How AI works · what it can hold in mind

Context window

#beginner

30-second gist~30s read

The context window is everything an AI can "see" at once: your current message, the whole chat history, plus any documents you've pasted in. It has a hard limit. When you go past it, the earliest parts of the conversation quietly drop off.

This is why your fifty-message chat about a holiday plan eventually "forgets" the budget you mentioned in message three. The AI isn't being lazy. It's outside the window.

If you want more

How big is the window in 2026?~30s

It varies a lot by model. The biggest commercial models now hold roughly a million tokens — the equivalent of several full-length novels. Anthropic's top Claude models (Opus, Sonnet) and Google's Gemini 2.5 Pro all sit around this mark in early 2026. OpenAI's GPT-5 is in the same ballpark; the older GPT-4o capped at 128,000 tokens.

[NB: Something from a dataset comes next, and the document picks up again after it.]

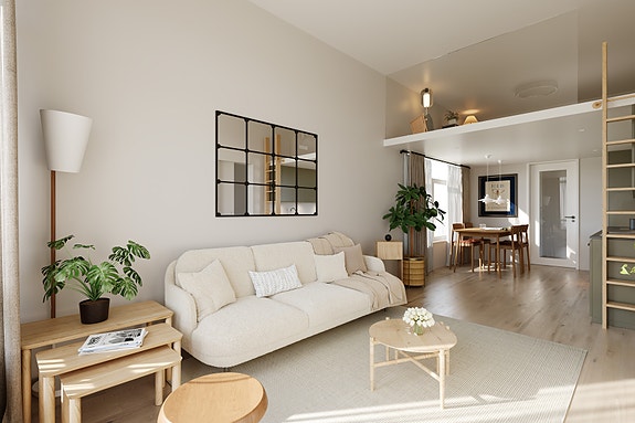 (Bildet er kun ment som illustrasjonsbilde - leiligheten leveres uten hems) Velkommen til denne unike og rålekre 2-romsleiligheten i Grønvolskvartalet

Older or smaller models (including some you'll meet on free tiers) cap out at 8,000 to 200,000 tokens — much less. If you've ever pasted a long PDF and the AI suddenly forgot the first half, that's what hit you.

What this looks like in practice~30s

Long chats slowly lose the original goal you stated.
Document Q&A misses sections far from where the question is being asked.
Copying a whole codebase in often loses files in the middle.
The fix is usually: start a fresh chat and re-paste only what matters.